I have written about Memorial Day several times before, but I do believe it needs to revisited and taught to our younger citizens.

First, let’s talk about the confusion between Veterans Day and Memorial Day.

Memorial Day, which is held on the final Monday of May each year, is a day of remembering the citizens of this republic who have perished while serving this country in the military.

Veterans Day is the day we celebrate the military service of all veterans, which is held on November 11th each year. Memorial Day was first named “Decoration Day”, then changed to “Memorial Day” in 1882.

Second, on Memorial Day we decorate the graves of our war dead with flowers and flags to show our respect and honor to our fellow Americans who have sacrificed so much for our nation. We also raise the United States flag quickly or briskly to the top of the staff and then slowly or solemnly lower the flag to the half-staff position.

Our great flag remains at half-staff until noon, at which time our flag is raised back to full-staff for the remainder of the day. This is also to show our respect to our fellow Americans that have again sacrificed so much for us.

We should also be looking at our flags. If the flag is in such condition that it is no longer a fitting emblem for display, the flag should be destroyed in a dignified way, preferably by burning.

Thus, when a flag is torn and tattered beyond repair, it’s time for it to be retired. The Veterans of Foreign Wars Post 6710, Wilmington American Legion Post 49 and Blanchester Legion Post 179 have Retired Flag Boxes. Flags can be dropped off at any time of the year at no cost.

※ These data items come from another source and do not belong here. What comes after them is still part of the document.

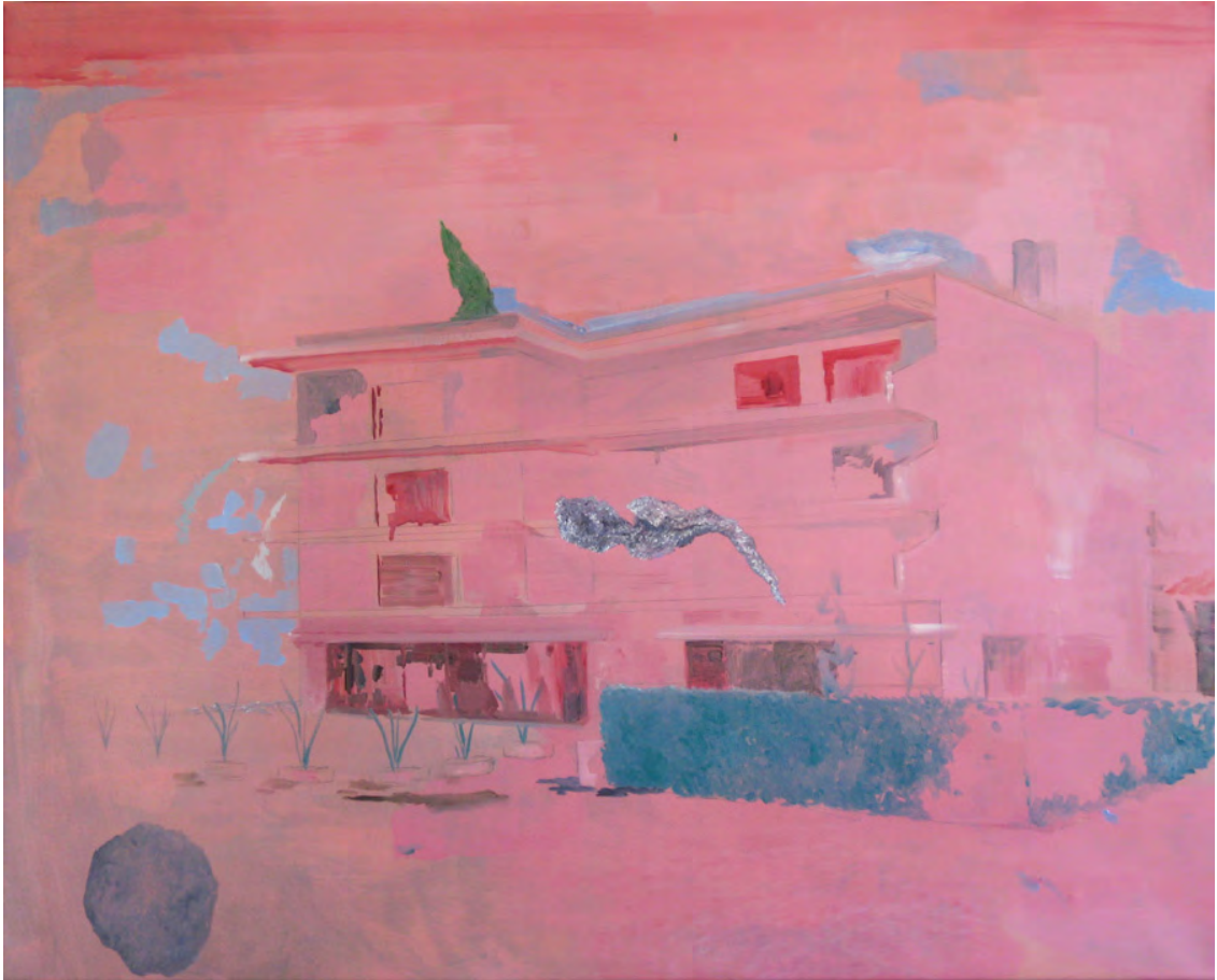
2014 ST [hotel-jardín con restos #1] óleo sobre tela 81x65 cm
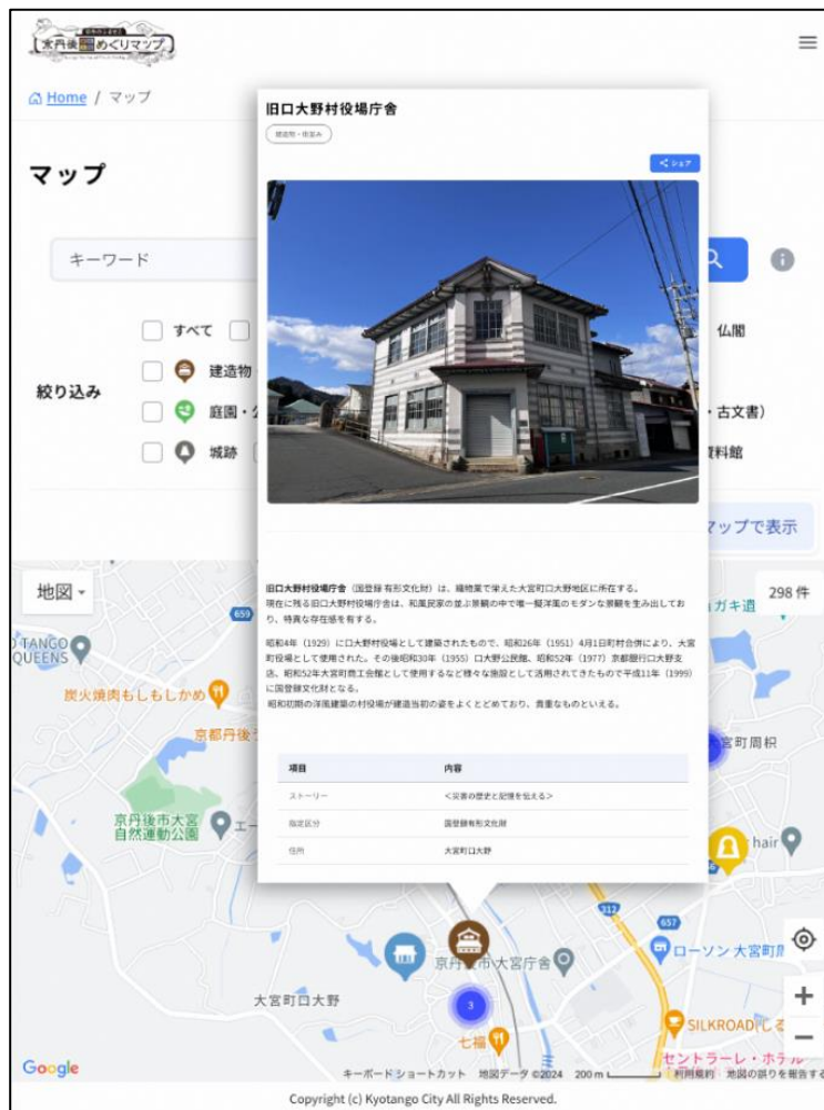
(マップイメージ画像)

丹後半島における多彩な交流・交易、人々の暮らしが生み出した歴史文化や文化財を京丹後市の煌めく魅力としての「光」と捉え、「光」を未来につなぐ誇りあるまちづくりを行政、市民、文化財所有者、観光・商工関係団体、専門家などが協働して進めるための計画です。
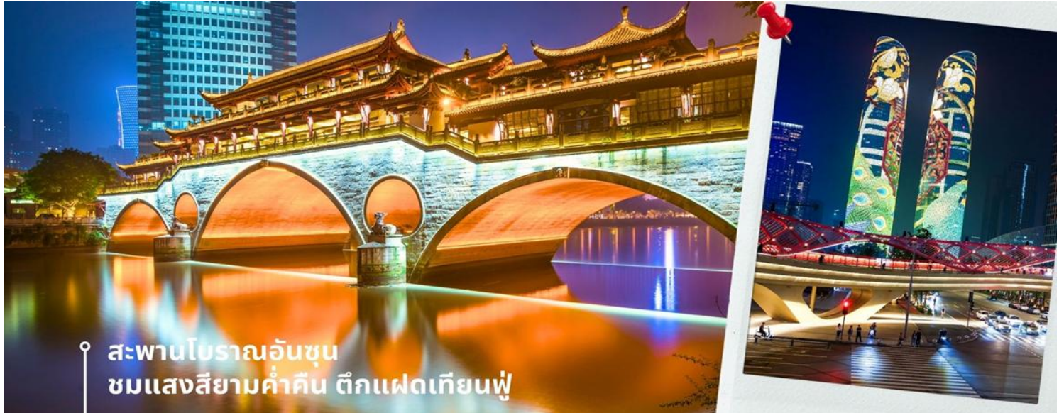
สะพานโบราณอันชุน ชมแสงสียามค่ำคืน ตึกแฝดเทียนฟู่

นำท่านชม สะพานโบราณอันชุน-พร้อมชมแสงสียามค่ำคืน ตึกแฝดเทียนฟู่ เป็นสะพานข้ามคลองที่สร้างเป็นเหมือนอาคารอยู่ข้างบน ในช่วงเวลายามเย็นจะเป็นช่วงที่ผู้คนออกมาชมบรรยากาศบริเวณของสะพานแห่งนี้ และมีร้านค้ามากมาย รวมไปถึงบาร์เครื่องดื่มต่างๆ ที่ดึงดูดนักท่องเที่ยวได้เป็นอย่างดี เป็นสะพานที่ทอดข้ามแม่น้ำจินเจียง และเป็นรูปแบบสะพานมีหลังคา ตามลักษณะสถาปัตยกรรมจีนโบราณ อายุมากกว่า 300 ปี และในบริเวณใกล้เคียงยังเป็นที่ตั้งของ ตึกแฝดเทียนฟู่ โดยในช่วงค่ำเวลา ประมาณ 19.00-22.00 น. ทั้ง 2 ตึกจะเป็นไฟ LED สวยงามโดดเด่นมาก ตึกแฝดเทียนฟู่ หรือที่เรียกอย่างเป็นทางการว่าตึกศูนย์การเงินนานาชาติเทียนฟู่ เป็นตึกระฟ้าที่สวยงามโดดเด่นสองตึกในย่านการเงินของเฉิงตู ตึกแต่ละตึกมีความสูง 58 ชั้นและสูงกว่า 700 ฟุต ตึกเหล่านี้โดดเด่นเป็นพิเศษด้วยภายนอกที่หุ้มด้วยไฟ LED ที่เป็นเอกลักษณ์ ซึ่งเปลี่ยนอาคารให้กลายเป็นจอภาพดิจิทัลขนาดใหญ่
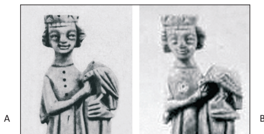
Ryc. 2. Fragmenty górnych części rękojeści noży z dwiema postaciami: A — Roskilde ( www.gothicivories.courtauld.ac.uk/images/ivory/3D264F49_91870322.html , dostęp 14.05.2015 r.) B — Nowy Jork ( www.gothicivories.courtauld.ac.uk/images/ivory/e6a45fd1_47fe56c3.html , dostęp 12.07.2014 r.)

Fig. 1. Fragment of the two-figure handle of the Roskilde knife, viewed from the front and the back; the man's shoes and the different length of the man's and the woman's clothing are visible; www.gothicivories.courtauld.ac.uk/images/ivory/3D264F49_91870322.html (accessed 14.05.2015)
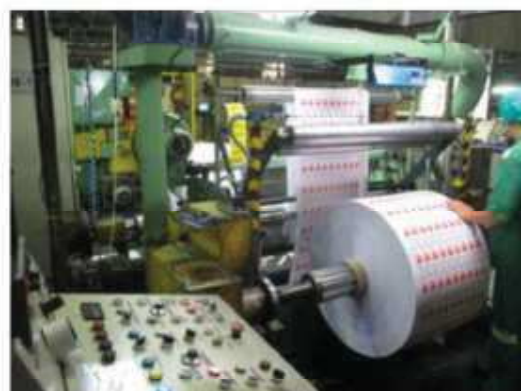
Vista da máquina RB-07.

São Paulo – SP Av. Paulista, 1.159 - 7º andar - Conj. 713 - Bela Vista CEP 01311-921 - PABX/FAX: (11) 5904-7572 contato@amaraldavila.com.br
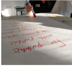
Taina Erävaara Dublinissa PARTGO-tapaamisessa lokakuussa 2019.

"Hyvin järjestetty ja onnistunut käynnistystapaaminen vaikuttaa merkittäväällä tavalla siihen, että kaikki yhteistyökumppanit voivat kokea työskentelyn mielekkääksi."
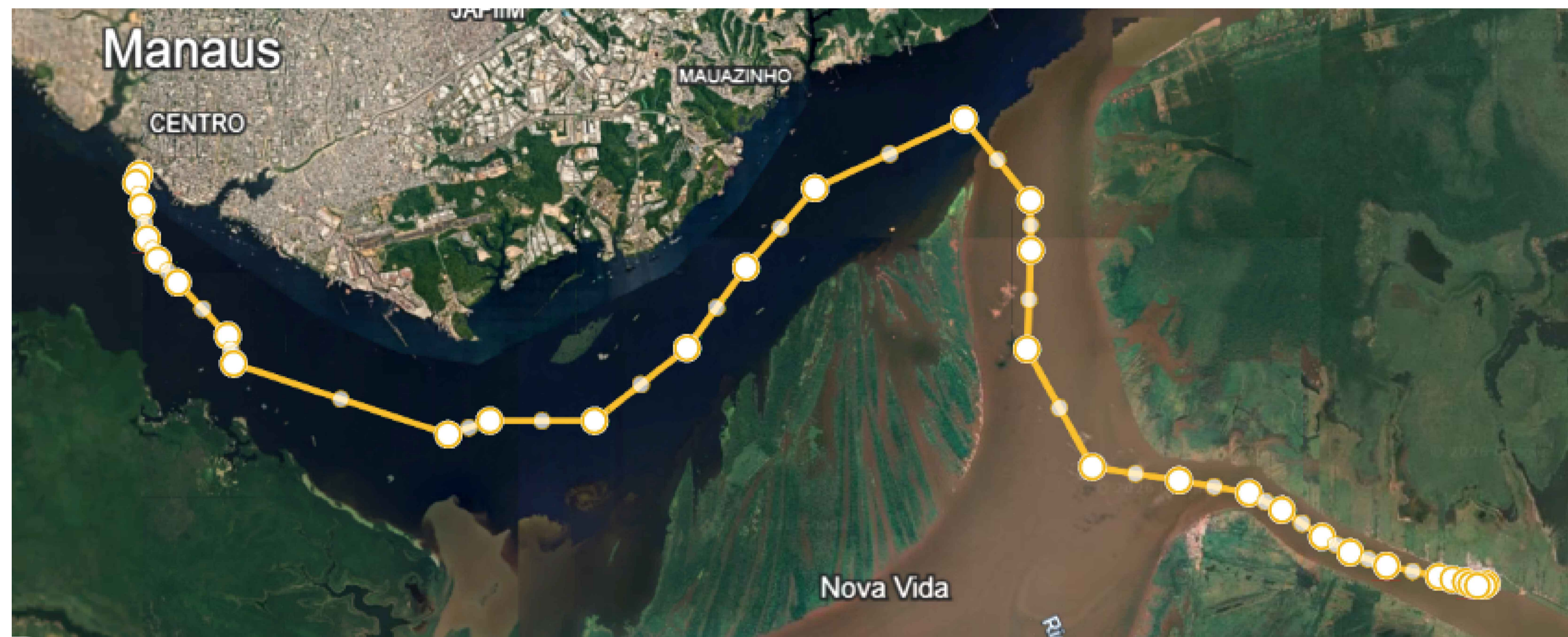
32m-Manaus/Carreio da Varzea
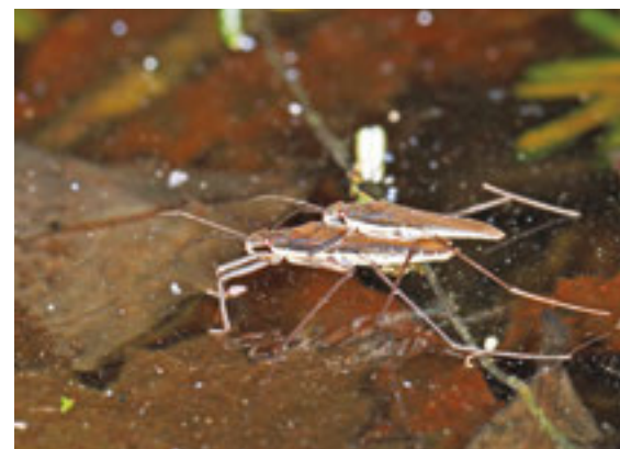
コセアカアメンボ
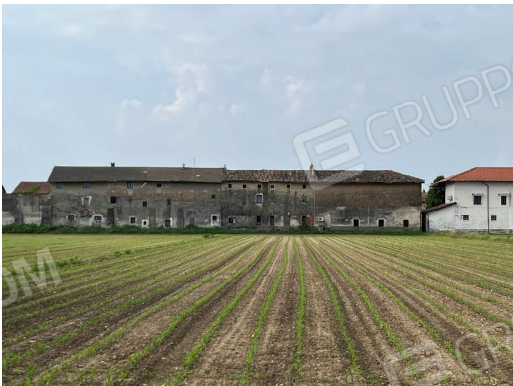
Figura 22: vista d'insieme del compendio dalla via Aosta, si noti il manto di copertura
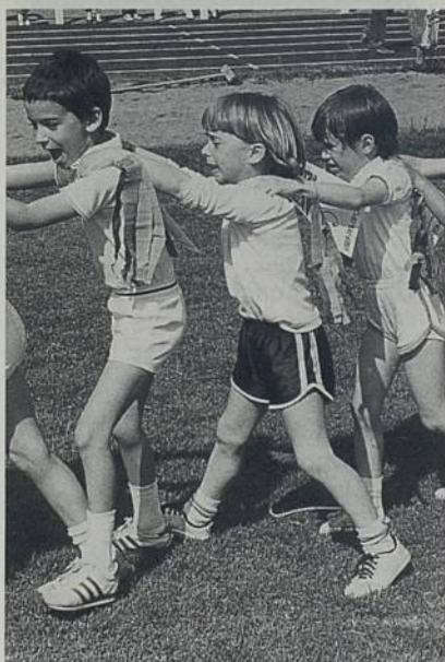
Fête de l'USEP

These organizations also perform the United States Flag Retirement Ceremony a few times a year. The main flag retirement ceremonies are usually conducted on June 14th each year on our National Flag Day or, to us soldiers, the U.S. Army Birthday.

On Memorial Day, we also wear the poppy.” This small red flower was brought to our attention by a poem, “In Flanders Fields” written by Lieutenant Colonel John McCrae, a physician with the Canadian Expeditionary Force in 1915. The poem’s opening lines refer to the fields of poppies that grew among the soldiers’ graves in Flanders.

So, we wear this “poppy” to show that we remember their sacrifice as well. The proper way to wear a poppy is to wear it on their right side; the red represents the blood of all those who gave their lives, the black represents the mourning of those who didn’t have their loved ones return home, and the green leaf represents the grass and crops growing and future prosperity after the war destroyed so much.

The leaf should be positioned at 11 o’clock to represent the 11th hour of the 11th day of the 11th month, the time the World War I formally ended.

It is the duty of each and every veteran to relay this message that sacrifice is meaningless without remembrance to our fellow citizens. It is the duty of each citizen to be aware of the deaths of their fellow countrymen during wartime.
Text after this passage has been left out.